For some reason I don’t understand I am getting the following error message when a client Consul agent attempts to join a secondary datacenter:
agent: AutoEncrypt failed: rpcinsecure error making call: rpcinsecure error making call: internal error: CA root is nil
The equivalent Consul configuration works in the primary datacenter.
Is this a problem with my configuration, or a limitation/bug of Consul?
Configuration overview:
- Consul community edition version 1.6.1
- Two Consul datacenters, one Consul domain
- Using cloud auto-join (AWS).
- Secondary datacenter Consul servers join the cluster successfully with healthy status
- Secondary datacenter Consul servers have retry_join configured for secondary datacenter and retry_join_wan configured for primary datacenter
- Failing client agent has retry_join configured for secondary datacenter (and no retry_join_wan)

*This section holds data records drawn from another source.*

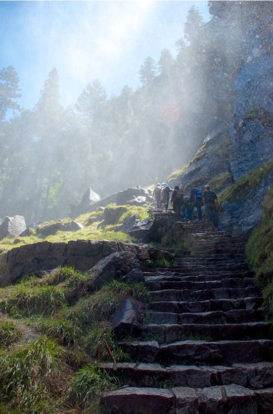 脚下踩着的是由千年落叶积成的柔软腐殖土,呼吸着潮湿而清新的空气,没有工业废气的污染,没有城市嘈杂的喧嚣,宁静而自然,使身心得到超脱和升华,仿佛在进行“森林浴”。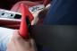 Des Weiteren kann das kleine Messer, welches zum Schutz vor Verletzungsgefahr in einer Vertiefung liegt, im Falle eines Unfalls zum Zerschneiden des Sicherheitsgurtes verwendet werden und das Metallende kann als Notfallhammer eingesetzt werden.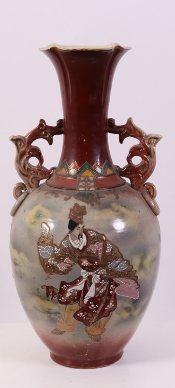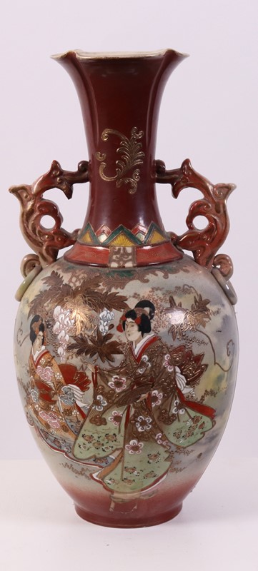 Coppia di vasi biansati in porcellana policroma

- Failing client agent is in the same subnet as the secondary datacenter Consul servers, with the same security groups applied
- Gossip encryption enabled
- TLS enabled/enforced
- CA cert installed and configured on all hosts
- ACL enabled/enforced
- ACL persistence/replication enabled
Here are the exact consul.hcl configuration files I am using on the various nodes:
- Failing client agent in secondary datacenter: backend.shi2.hcl.txt (1.7 KB)
- Successful client agent in primary datacenter: frontend.shi1.hcl.txt (1.7 KB)
- Server in primary datacenter: server.shi1.hcl.txt (1.9 KB)
- Server in secondary datacenter: server.shi2.hcl.txt (1.9 KB)